» TASK TO CARRY OUT
Copy the data that follows exactly. Include no pictures.

» AVAILABLE DATA

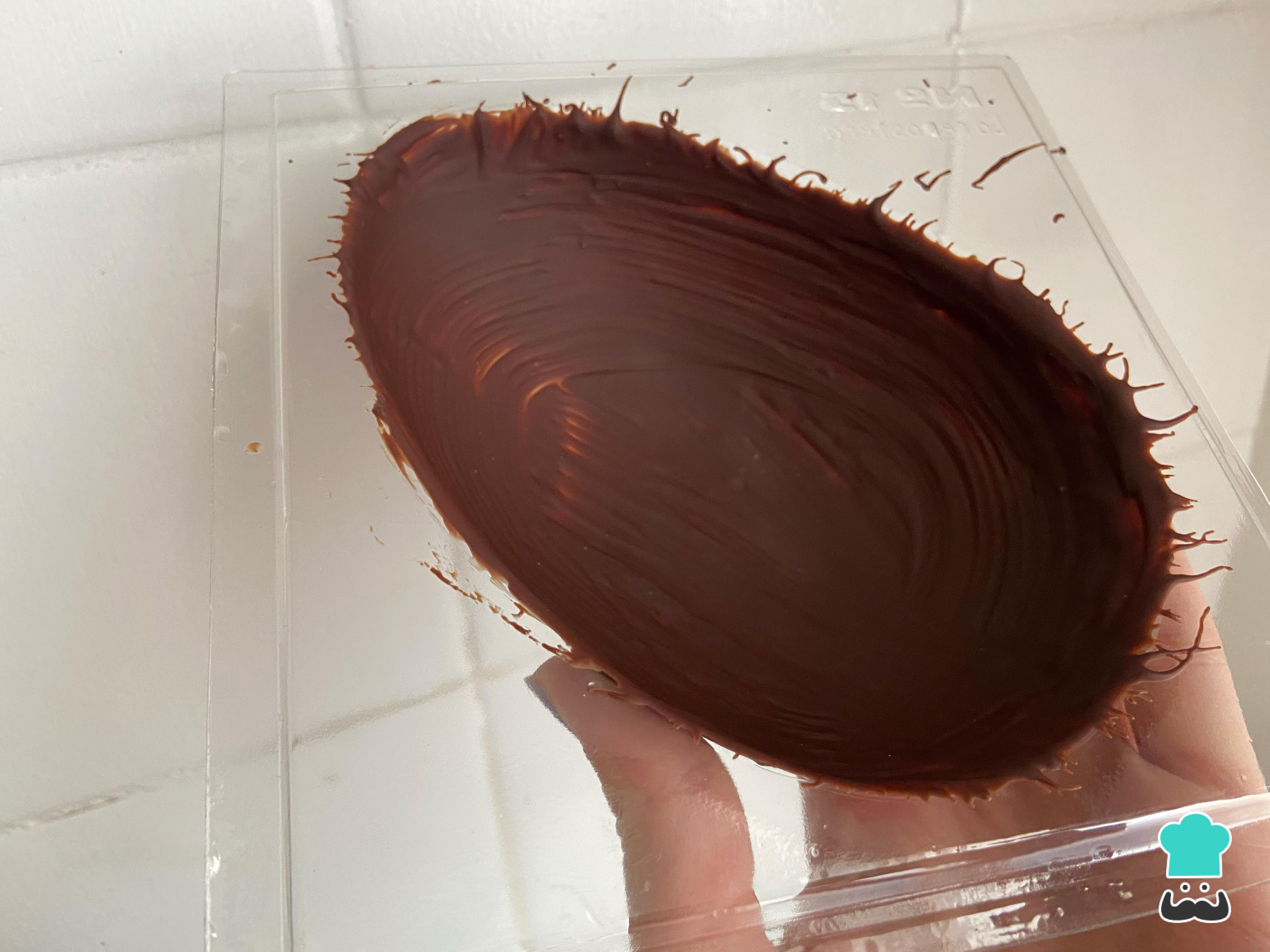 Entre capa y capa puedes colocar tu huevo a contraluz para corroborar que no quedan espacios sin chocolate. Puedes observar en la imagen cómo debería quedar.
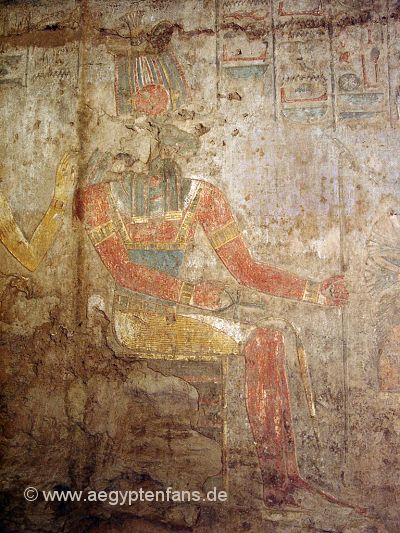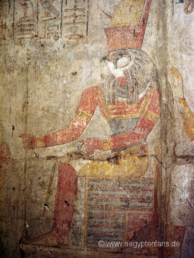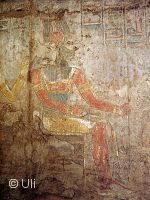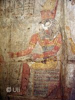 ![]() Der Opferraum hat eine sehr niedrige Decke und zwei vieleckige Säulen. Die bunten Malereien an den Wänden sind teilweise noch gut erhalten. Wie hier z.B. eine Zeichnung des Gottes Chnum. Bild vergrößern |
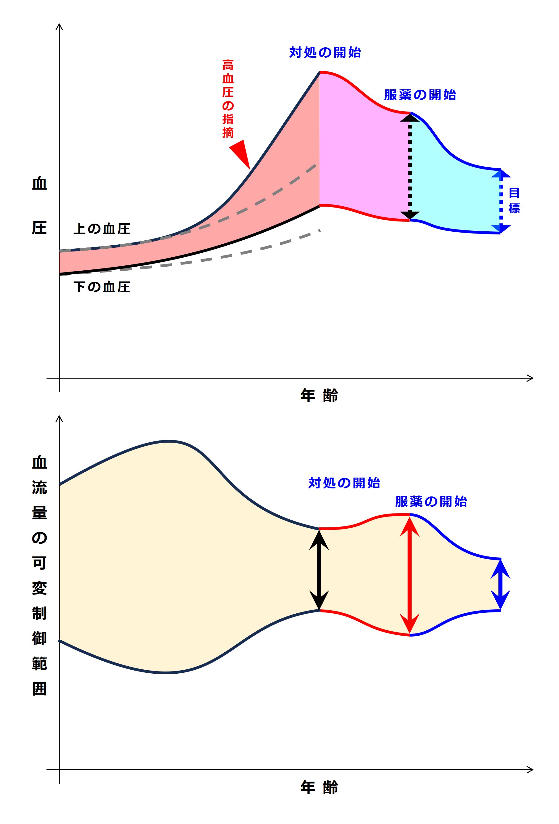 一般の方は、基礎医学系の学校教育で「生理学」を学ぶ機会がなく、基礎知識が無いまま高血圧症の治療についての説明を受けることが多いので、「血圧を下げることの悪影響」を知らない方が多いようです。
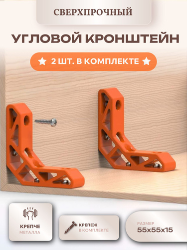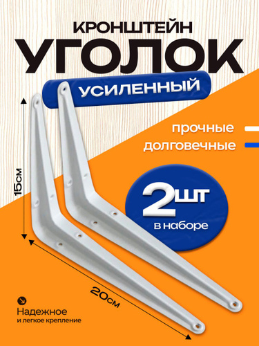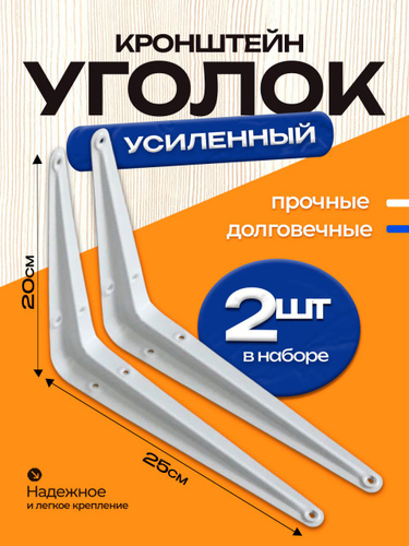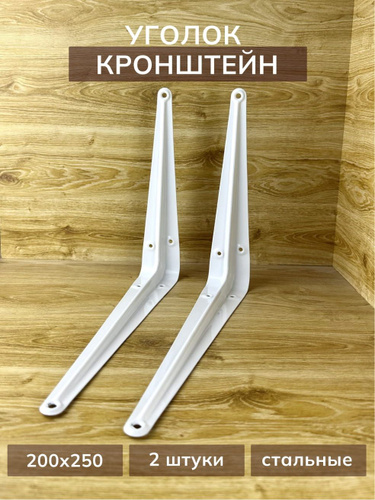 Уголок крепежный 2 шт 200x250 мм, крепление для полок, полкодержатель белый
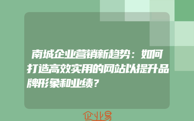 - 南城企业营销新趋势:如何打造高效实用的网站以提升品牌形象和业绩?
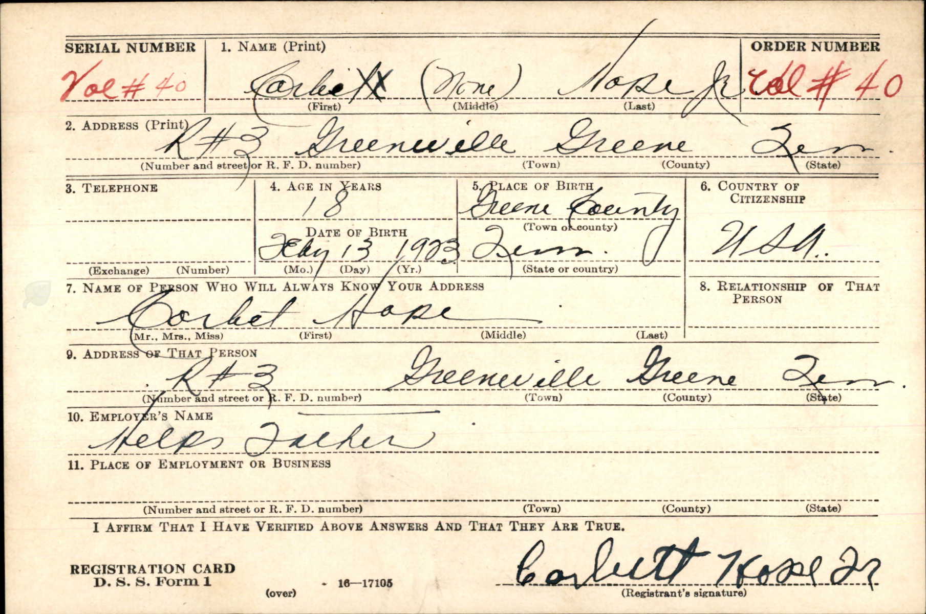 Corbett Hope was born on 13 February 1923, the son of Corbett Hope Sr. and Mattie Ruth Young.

» SOLUTION
 Entre capa y capa puedes colocar tu huevo a contraluz para corroborar que no quedan espacios sin chocolate. Puedes observar en la imagen cómo debería quedar.
 ![]() Der Opferraum hat eine sehr niedrige Decke und zwei vieleckige Säulen. Die bunten Malereien an den Wänden sind teilweise noch gut erhalten. Wie hier z.B. eine Zeichnung des Gottes Chnum. Bild vergrößern |
 一般の方は、基礎医学系の学校教育で「生理学」を学ぶ機会がなく、基礎知識が無いまま高血圧症の治療についての説明を受けることが多いので、「血圧を下げることの悪影響」を知らない方が多いようです。
 Уголок крепежный 2 шт 200x250 мм, крепление для полок, полкодержатель белый
 - 南城企业营销新趋势:如何打造高效实用的网站以提升品牌形象和业绩?
 Corbett Hope was born on 13 February 1923, the son of Corbett Hope Sr. and Mattie Ruth Young.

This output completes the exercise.